Segment Start: Data extracts

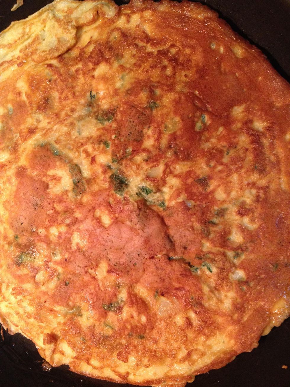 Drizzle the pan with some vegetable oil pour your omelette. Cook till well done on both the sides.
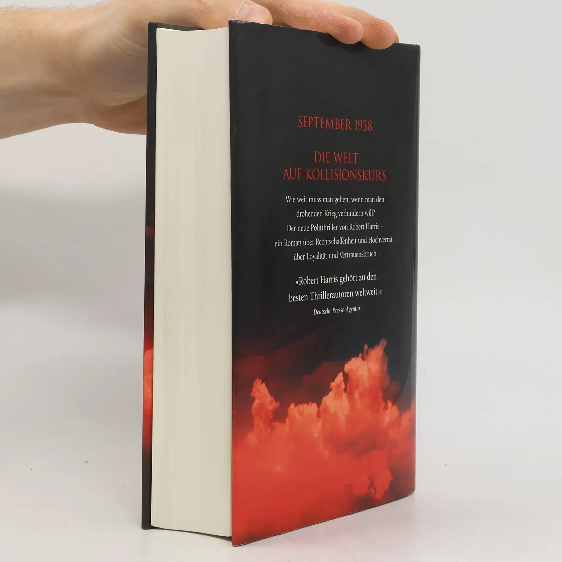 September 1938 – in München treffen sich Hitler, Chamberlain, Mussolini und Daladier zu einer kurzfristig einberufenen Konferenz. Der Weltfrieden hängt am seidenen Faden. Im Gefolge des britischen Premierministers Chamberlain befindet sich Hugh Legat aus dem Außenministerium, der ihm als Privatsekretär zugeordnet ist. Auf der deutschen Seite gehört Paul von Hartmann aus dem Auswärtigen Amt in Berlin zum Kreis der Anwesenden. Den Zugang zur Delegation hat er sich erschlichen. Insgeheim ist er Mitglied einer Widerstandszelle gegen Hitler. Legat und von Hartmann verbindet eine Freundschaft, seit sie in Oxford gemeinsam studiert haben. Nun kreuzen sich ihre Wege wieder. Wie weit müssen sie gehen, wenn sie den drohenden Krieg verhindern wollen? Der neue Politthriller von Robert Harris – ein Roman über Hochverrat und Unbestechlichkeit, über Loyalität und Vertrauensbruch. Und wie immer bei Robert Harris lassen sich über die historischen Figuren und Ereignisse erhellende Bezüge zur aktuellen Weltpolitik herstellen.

Segment End: Data extracts
Segment Start: Data extracts

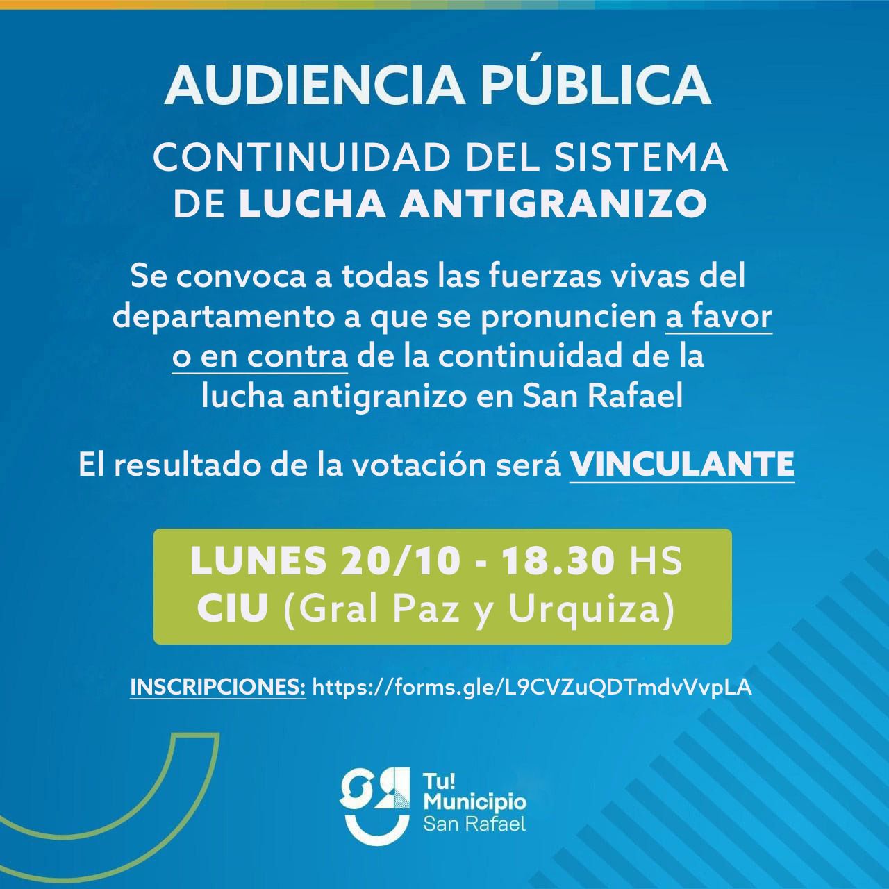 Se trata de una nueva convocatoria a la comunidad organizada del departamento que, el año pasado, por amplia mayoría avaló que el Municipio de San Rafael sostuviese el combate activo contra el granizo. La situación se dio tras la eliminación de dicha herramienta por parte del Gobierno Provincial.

Segment End: Data extracts
Segment Start: Data extracts

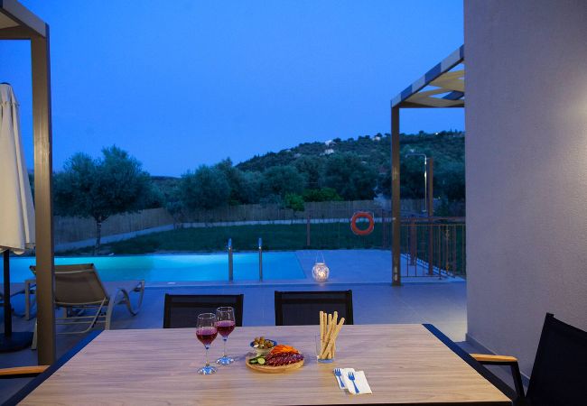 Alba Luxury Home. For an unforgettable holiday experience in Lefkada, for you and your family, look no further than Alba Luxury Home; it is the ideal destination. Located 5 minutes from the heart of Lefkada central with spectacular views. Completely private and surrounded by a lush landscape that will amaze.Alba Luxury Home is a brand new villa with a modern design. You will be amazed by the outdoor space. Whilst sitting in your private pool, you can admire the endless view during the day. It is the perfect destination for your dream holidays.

Segment End: Data extracts

Task details:
Although the records above contain pictures, the copy must not; set down exactly the lines from the one with "Drizzle the pan" up to and including the one with "September 1938 –".

Written answer:
 Drizzle the pan with some vegetable oil pour your omelette. Cook till well done on both the sides.
 September 1938 – in München treffen sich Hitler, Chamberlain, Mussolini und Daladier zu einer kurzfristig einberufenen Konferenz. Der Weltfrieden hängt am seidenen Faden. Im Gefolge des britischen Premierministers Chamberlain befindet sich Hugh Legat aus dem Außenministerium, der ihm als Privatsekretär zugeordnet ist. Auf der deutschen Seite gehört Paul von Hartmann aus dem Auswärtigen Amt in Berlin zum Kreis der Anwesenden. Den Zugang zur Delegation hat er sich erschlichen. Insgeheim ist er Mitglied einer Widerstandszelle gegen Hitler. Legat und von Hartmann verbindet eine Freundschaft, seit sie in Oxford gemeinsam studiert haben. Nun kreuzen sich ihre Wege wieder. Wie weit müssen sie gehen, wenn sie den drohenden Krieg verhindern wollen? Der neue Politthriller von Robert Harris – ein Roman über Hochverrat und Unbestechlichkeit, über Loyalität und Vertrauensbruch. Und wie immer bei Robert Harris lassen sich über die historischen Figuren und Ereignisse erhellende Bezüge zur aktuellen Weltpolitik herstellen.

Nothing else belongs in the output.